Lately (last 3wks or so), I’ve been working on being more independent, in an emotional sense, I guess you could say. It really all came to a head before I went to Passion the first week of January. The Wednesday before, I sent a regrettable email to a very dear friend just unloading a lot. It was inappropriate and I still regret it. Anyway, I kind of realized then that I can’t let even those close 2 or 3 friends I have in life help me through everything. Some things I have to figure out for myself. Let’s be honest. Who genuinely cares about each other’s problems and what they’re going through? Exactly. And I realize even those 2 or 3 people can be like “OMG shut up!!!” and I’m starting to realize this without them having to confront me about it because they're not confrontational people (like me).

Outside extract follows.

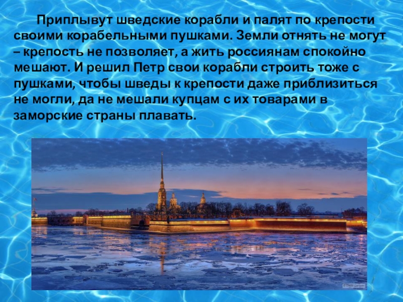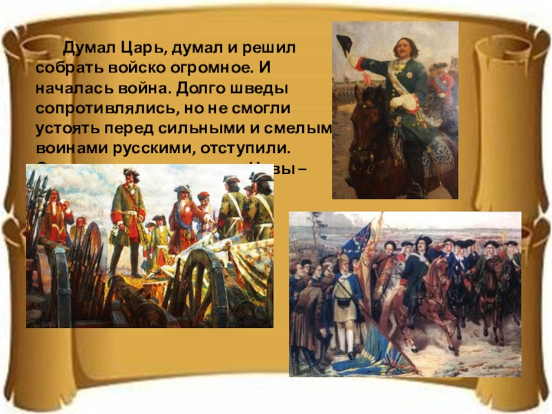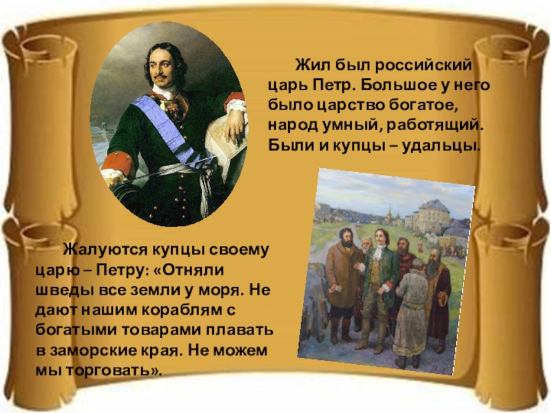 Жалуются купцы своему царю – Петру: «Отняли шведы все земли у моря. Не дают нашим кораблям с богатыми товарами плавать в заморские края. Не можем мы торговать».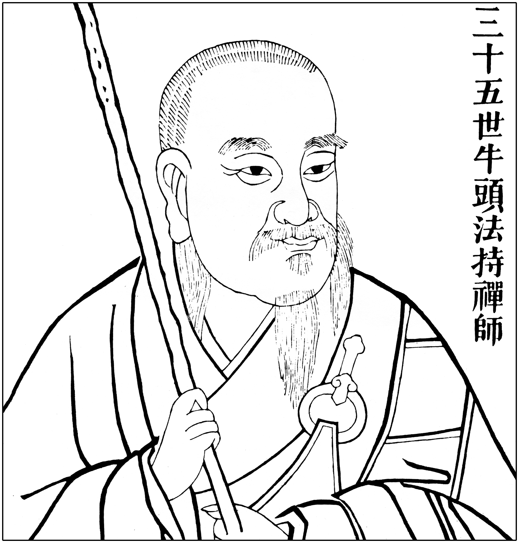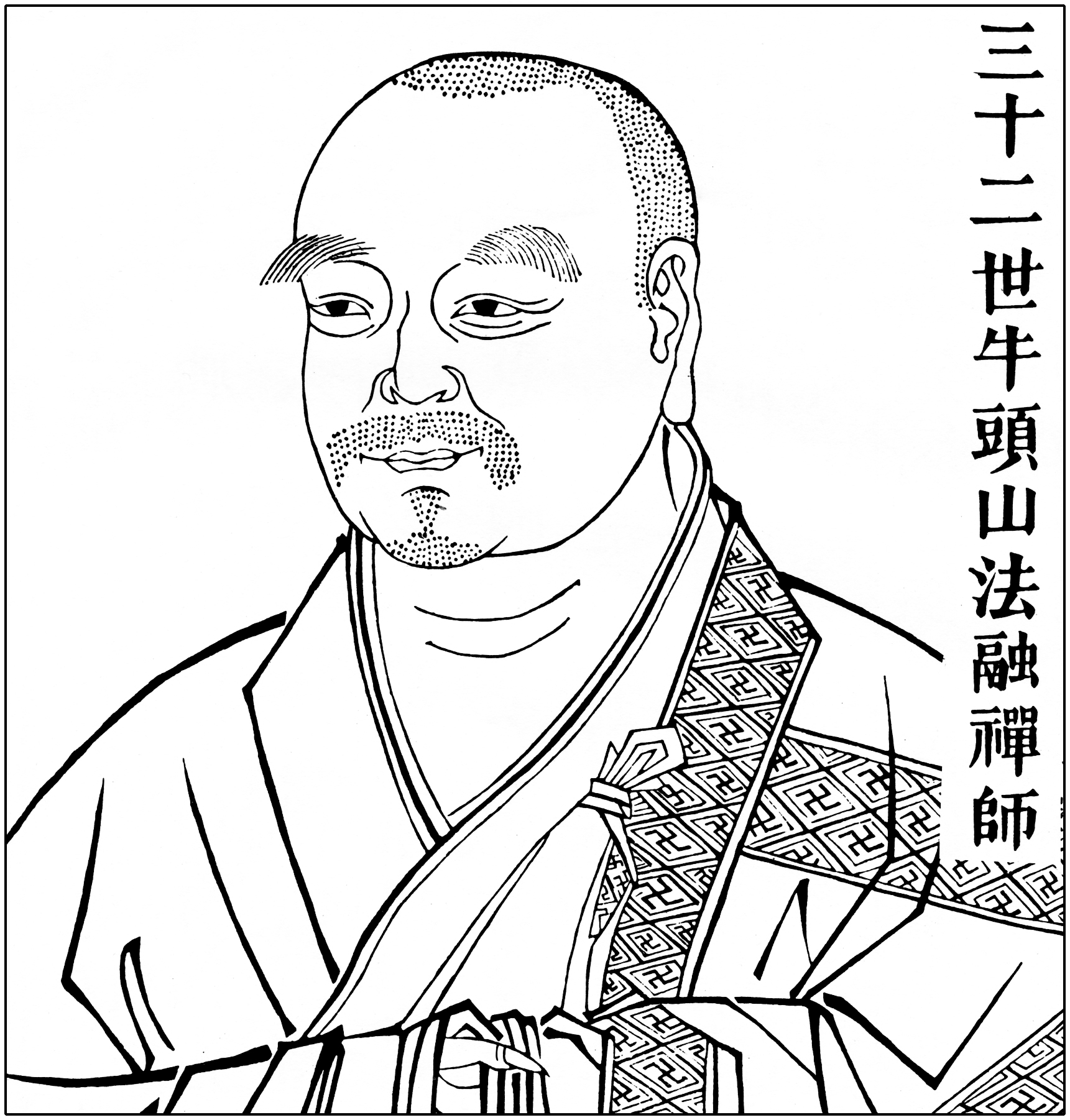 师。润州韦氏子。年十九投茅山落发。后入牛头山北岩之石室。静坐观心。适四祖踵至。问曰心是何物。师无对。遂延祖入庵。祖见虎狼围绕。作怖畏势。师曰。犹有这个在。祖于师座上书一佛字。师竦然不敢坐。祖曰。犹有这个在。师乃稽首请益。祖为说法要。且曰。吾受灿大师顿教法门。今付于汝。绍汝元化。自尔法席大盛。后得上首。付嘱法印。明年正月十三日。不疾而化。

Another thing I’ve been working on is “guarding my heart.” It’s really an Evangelical term and so I don’t really like using it because of its exclusivity. It basically means don’t give yourself away physically, emotionally, spiritually, psychologically, etc. to just anyone. And, in general, I’m an open book. Ask me a question and I’ll answer it and more. And the “and more” is what has gotten me in trouble with a few new acquaintances, I believe. I freak them out and I don’t even realize it, but it’s because I really don’t mind sharing the details of my life with others, but others mind hearing them. You know? So that’s a little balance I’m trying to work on. It’s just that my life has made the biggest 180 yet in the past six months and I’m still learning how to deal. It’s like middle schoolers who don’t realize how strong their bodies are yet and break everything! That’s kinda how I am emotionally right now, although no one is broken – at all. I just need to be more conscious of what I’m saying and to whom in all aspects of my life because all I really got is me, I guess.
I think this blog’ll help me out a lot in this because I can’t be so open about everything. That’d be inappropriate and not ok at all. Vaguely mentioning huge life changes is something I need to do in my real life as well. I have a very large personality though so calming it will take time and training and I’ve been working on that for a very long time and I like its trajectory thus far. I would have no friends if I had never changed myself for my benefit. Personality is way more subdued (or it can be) on the internet than in real life, so that helps as well.
I just need to be independent with my thoughts and balance what I say to people. These have been two things I’ve struggled with since I came of age and I am just realizing how empowering being independent is when I have those “aha!” moments at 2:30am and having no one to tell because I worked it out all by myself over the course of a few hours, days, weeks, or even months. CRAZY! Ok. I feel like I’m rambling now. I feel a lot of this entire blog will be me rambling, but whatever. Like I said, can’t fit everything into 140 characters.